Photo: QuinnipiacBobcats.com

Quinnipiac cheer team at USA Wildcat Cheer and Dance Challenge in March.

Nancy Hogshead-Makar, legal adviser for the Women’s Sports Foundation and professor at Florida Coastal School of Law, had a markedly different take. She argued that those institutions with competitive cheerleading squads are now open potentially open to lawsuits if, for example, there are women’s club teams “waiting in the wings” that have been denied in recent years because their institutions maintained that they already met Title IX requirements. The fact that those institutions may now have 30 or so fewer competitive cheerleaders in their gender equity counts, she added, makes a significant difference.

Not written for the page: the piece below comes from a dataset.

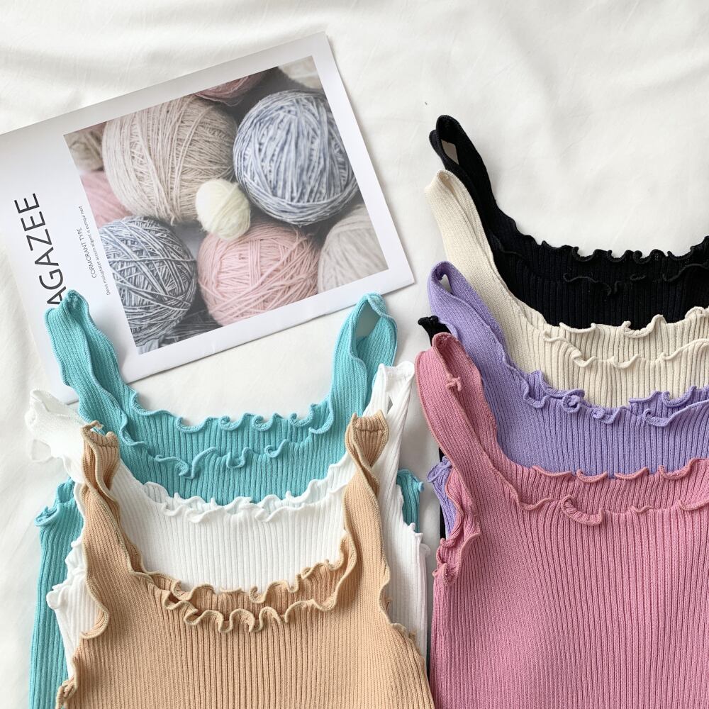スモールキャミソールレディースインナーウェアサマーニュースタイルレディーススタイルウッドイヤーニットボトミングシャツ無地ショートトップ 1号婦人35896459642
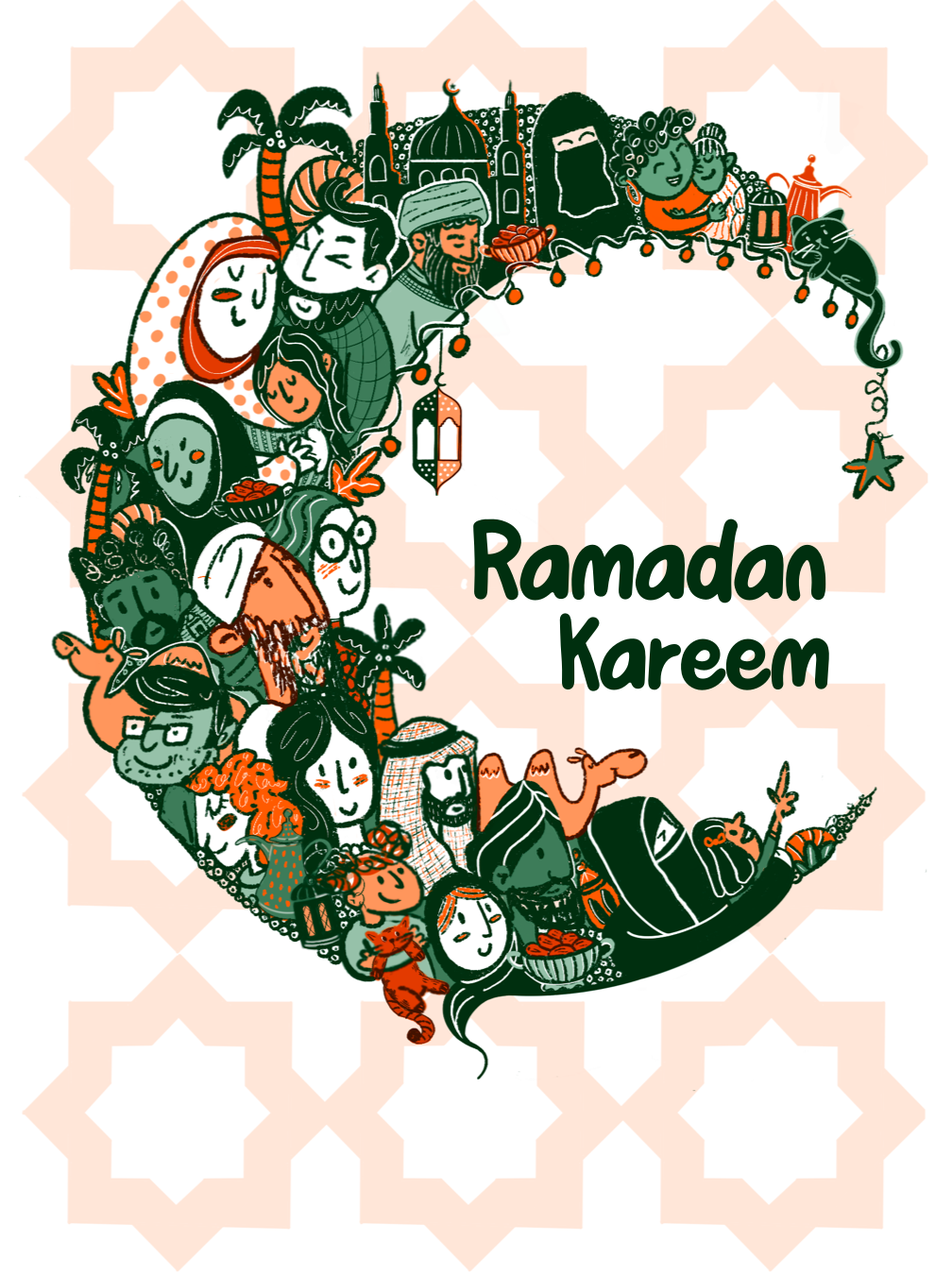 This illustration was created to celebrate the love, community, kindness and beautiful diversity that Ramadan brings. A reminder that we are deeply connected to one another, no matter our background. This was a special message for me to share as I created this piece during the war in the Middle East.

“They should make [competitive cheerleading] a [junior varsity] sport until it generates enough support to make it a genuine sport,” Hogshead-Makar said. “Then, it’ll either take off or it won’t. There’s some enormous unmet need for athletics experiences out there.”

Erin Buzuvis, associate professor at Western New England College School of Law and co-founder of The Title IX Blog, said she was not surprised by Underhill’s decision, noting that she thought it would most likely prove a neutral influence on the growth of intercollegiate competitive cheerleading.

“I think schools that genuinely see interest in competitive cheer and want to add it in the short term will be just as likely do so,” Buzuvis said. “At the moment, they can add it, but they shouldn’t expect it to count [for Title IX].”